There are surprisingly few renditions of the studio tracks. “Angel Dance” and “House of Cards” both feature early on and set the scene well, showing the professionalism of a band that gets the details spot on. With vocals coming from five of the six players (and all of them on the closing à capella “I Bid You Goodnight,” harmonies gain a new importance. “Cindy, I’ll Marry You Someday” is less striking, but still strong and enjoyable - there are no duds here.
The Led Zeppelin tracks are of obvious interest. Since Plant has refused a band re-union, there are few chances to hear live interpretations. Of course, Led Zep tracks are not homogenous. Some types work better than others when the Band of Joy remodels them. Perhaps predictably, the riffier ones generally lose power, while the melodic ones gain from Nashville’s experience inconventional songs.
“Black Dog” and “Gallows Pole” suffer tremendously from a lack of vocal range. Where once Plant could once let his vocals run free, the formality of several singers harmonising squashes the dynamics, making them feel like one-chord wonders. Yet this version of “Black Dog” grows on you. The band’s interpretation makes less of the riff and turns it into a long, bass-heavy groove, with Buddy Miller making his guitar growl at the bottom end.
“Houses of the Holy” is a real surprise with a great new start. Band of Joy downplays this riff too. It is still there, but doing so highlights the melody, making the song sound far more lke a piece from Led Zeppelin III than a slab of funky classic rock from Physical Graffiti. It is exactly this kind of transformation that make this live collection so fascinating. It would have been enthralling to witness these musicians playing about with these tracks behind the scenes.
“Ramble On” – one of Zeppelin’s greatest works, is another majestic reinterpretation. Darrell Scott plays oud, using it to solo in the central breakdown. While that section has its ragged moments, the rise and fall in this lengthy account prolongs the joy. It’s one where glances between Plant and members of his band reveal both the respect and fun that they share onstage.
Still at the more melodic end, “Tangerine” is a natural for a band with pedal steel and a bassist like Byron House. This is a glorious version that keeps getting better with successive plays.
One of the effects of a Tennessee band is that the spirituality is up front. It’s fascinating – and a joy – to see the man whose band was once slated by some for Jimmy Page’s alleged occultism singing so much about Jesus. “Satan, Your Kingdom Must Come Down” was one of the stronger songs on the album and is very rich here. Darrell Scott’s solo spot is the same “A Satisfied Mind” that Dylan chose for his Saved album; while “I Bid You Goodnight” celebrates Jesus’s love.
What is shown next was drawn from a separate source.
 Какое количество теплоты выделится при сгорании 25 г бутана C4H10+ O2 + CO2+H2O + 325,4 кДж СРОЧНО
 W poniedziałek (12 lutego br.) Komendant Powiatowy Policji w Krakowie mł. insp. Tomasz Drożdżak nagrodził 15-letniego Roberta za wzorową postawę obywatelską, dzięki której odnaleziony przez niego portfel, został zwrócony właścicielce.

It’s not often that drummers show a style all of their own, but here, Marco Giovino does just that. On the opener he plays mainly toms; next he plays a variation, where one stick has bells on; next he uses a dampened tambourine on the hi-hat stand; on “Satan, Your Kingdom Must Come Down” he pats a shaker, pedals the bass drum and rims the stick with bells on; elsewhere it’s only brushes. He actually plays it straight in "Rock and Roll."
That is typical of the musicianship and care for detail throughout this performance. Buddy Miller – the man that Plant honours as the architect of their sound, changes guitar every track; Patty Griffin is pretty solid on vocals, guitar and percussion; Byron House gets a resonant bottom end just right on electric, upright and bowed basses; and Darrell Scott flits between guitars, fretless banjo, oud and pedal steel. These combinations mean that each song gets a deeply considered treatment that reveals more detail with successive views.
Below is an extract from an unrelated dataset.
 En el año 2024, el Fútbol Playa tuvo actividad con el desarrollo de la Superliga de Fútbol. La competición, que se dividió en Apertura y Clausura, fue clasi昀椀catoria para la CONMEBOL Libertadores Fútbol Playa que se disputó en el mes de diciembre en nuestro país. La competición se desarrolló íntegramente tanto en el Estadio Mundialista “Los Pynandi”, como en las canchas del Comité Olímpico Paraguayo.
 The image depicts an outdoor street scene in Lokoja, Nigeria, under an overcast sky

Credit to Plant for putting his ego aside and bringing out the best in all these players. He still struts, pouts and holds the mic in that rock star pose, but here is a man who is thoroughly enjoying being on stage with a talented band given a democratic chance to shine. Miller and Plant even match each other in the length of their winklepickers!
The extras are mainly an interview that doesn’t push too deep, but is still enjoyable. Plant largely talks about how he is “an Englishman totally enamoured by American music” and explores the way that his music was originally borrowed from the States and now that English hybrid is being re-interpreted in an American way. He also humbly goes on to say how he is learning to use his voice in a support role.